An expert survey to assess the current status and future challenges of energy system analysis

An expert survey to assess the current status and future challenges of energy system analysis
Notice: This research summary and analysis were automatically generated using AI technology. For absolute accuracy, please refer to the [Original Paper Viewer] below or the Original ArXiv Source.

Decision support systems like computer-aided energy system analysis (ESA) are considered one of the main pillars for developing sustainable and reliable energy transformation strategies. Although today’s diverse tools can already support decision-makers in a variety of research questions, further developments are still necessary. Intending to identify opportunities and challenges in the field, we classify modelling capabilities (32), methodologies (15) implementation issues (15) and management issues (7) from an extensive literature review. Based on a quantitative expert survey of energy system modellers (N=61) mainly working with simulation and optimisation models, the status of development and the complexity of realisation of those modelling topics are assessed. While the rated items are considered to be more complex than actually represented, no significant outliers are determinable, showing that there is no consensus about particular aspects of ESA that are lacking development. Nevertheless, a classification of the items in terms of a specially defined modelling strategy matrix identifies capabilities like land-use planning patterns, equity and distributional effects and endogenous technological learning as “low hanging fruits” for enhancement, as well as a large number of complex topics that are already well implemented. The remaining “tough nuts” regarding modelling capabilities include non-energy sector and social behaviour interaction effects. In general, the optimisation and simulation models differ in their respective strengths, justifying the existence of both. While methods were generally rated as quite well developed, combinatorial optimisation approaches, as well as machine learning, are identified as important research methods to be developed further for ESA.


💡 Research Summary

This paper investigates the present state and future challenges of computer‑aided Energy System Analysis (ESA), a cornerstone for designing sustainable and reliable energy transition pathways. The authors begin with an extensive literature review that yields a taxonomy of 32 modelling capabilities, 15 methodological approaches, 15 implementation issues, and 7 management concerns. These categories capture both traditional functions—such as power‑flow calculation, demand‑supply balancing, and renewable capacity optimisation—and emerging topics like land‑use planning, equity and distributional effects, endogenous technological learning, cross‑sector interactions, and behavioural modelling.
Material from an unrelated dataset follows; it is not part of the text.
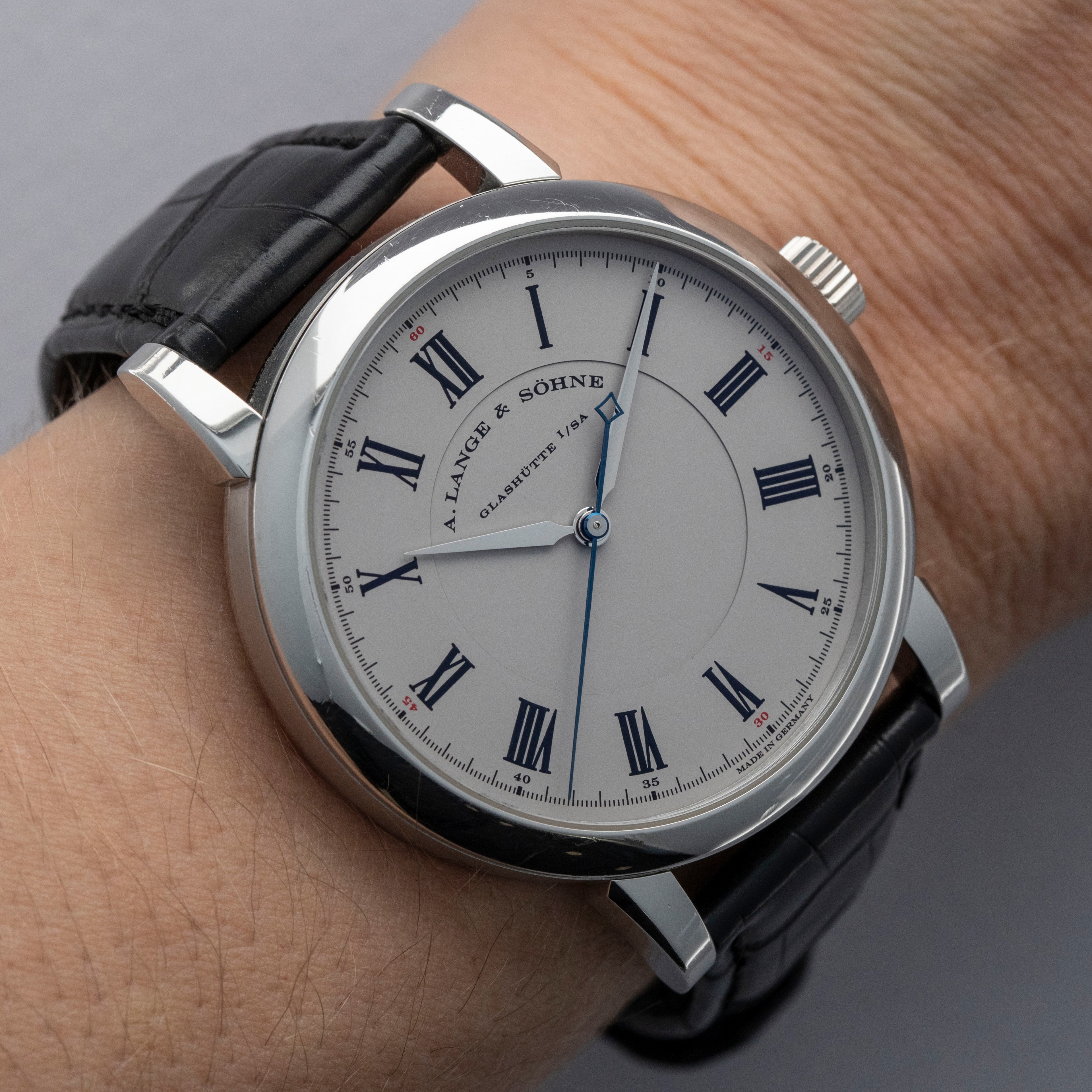 In keeping with its inspiration as an observation watch, the Richard Lange features a large 40mm case that has been imbued with Lange's luxurious craftsmanship through the watchmaker's use of platinum.

To assess how these items are perceived by practitioners, a quantitative survey was conducted with 61 energy‑system modellers, the majority of whom work with simulation or optimisation tools. Respondents rated each item on two separate 5‑point Likert scales: (1) the degree to which the capability or method is currently developed, and (2) the perceived complexity of implementing it in practice. Statistical analysis shows a consistent tendency to view most items as more complex than they are actually realised, indicating a gap between theoretical availability and practical deployment. No single item emerged as a clear outlier, suggesting that the community lacks a consensus on which aspects of ESA are most under‑developed.

The authors then map the survey results onto a purpose‑built “modelling strategy matrix”. The matrix’s axes are development level (low–high) and implementation complexity (low–high), producing four quadrants. Items placed in the lower‑right quadrant—labelled “low‑hanging fruit”—include land‑use planning patterns, equity/distributional effects, and endogenous learning. These are judged to be relatively easy to implement yet highly valuable, making them prime targets for short‑term research investment. The upper‑right quadrant contains “well‑implemented” features that are both mature and easy to use, such as basic power‑flow and optimisation algorithms. The upper‑left quadrant houses “advanced but complex” topics, notably non‑energy sector interactions and social‑behaviour modelling, which are recognised as essential for nuanced policy analysis but remain technically demanding. Finally, the lower‑left quadrant comprises “tough nuts” – capabilities that are both under‑developed and perceived as highly complex, requiring substantial methodological breakthroughs and data integration efforts.

Methodologically, respondents generally consider existing optimisation and simulation techniques to be sufficiently mature. However, combinatorial optimisation and machine‑learning approaches received lower development scores, highlighting a need for further research in high‑dimensional search, surrogate modelling, and data‑driven decision support. The paper underscores that optimisation models excel at delivering cost‑optimal solutions, whereas simulation models are better suited for scenario exploration and uncertainty analysis; both are therefore indispensable and complementary.

Limitations are acknowledged: the sample is skewed toward modelers familiar with optimisation/simulation, potentially under‑representing the views of policymakers, industry practitioners, or experts in newer digital technologies such as digital twins or blockchain‑based energy markets. Moreover, the survey items, while comprehensive, may not capture the very latest methodological innovations.

In conclusion, the study provides a structured, data‑driven roadmap for ESA development. By distinguishing “low‑hanging fruit” from “tough nuts”, it guides researchers and funding agencies toward areas where modest effort can yield high policy relevance, as well as those that demand long‑term, interdisciplinary investment. The findings also reinforce the rationale for maintaining both optimisation and simulation toolchains, and they call for intensified work on combinatorial optimisation and machine‑learning techniques to keep ESA aligned with the growing complexity of future energy systems.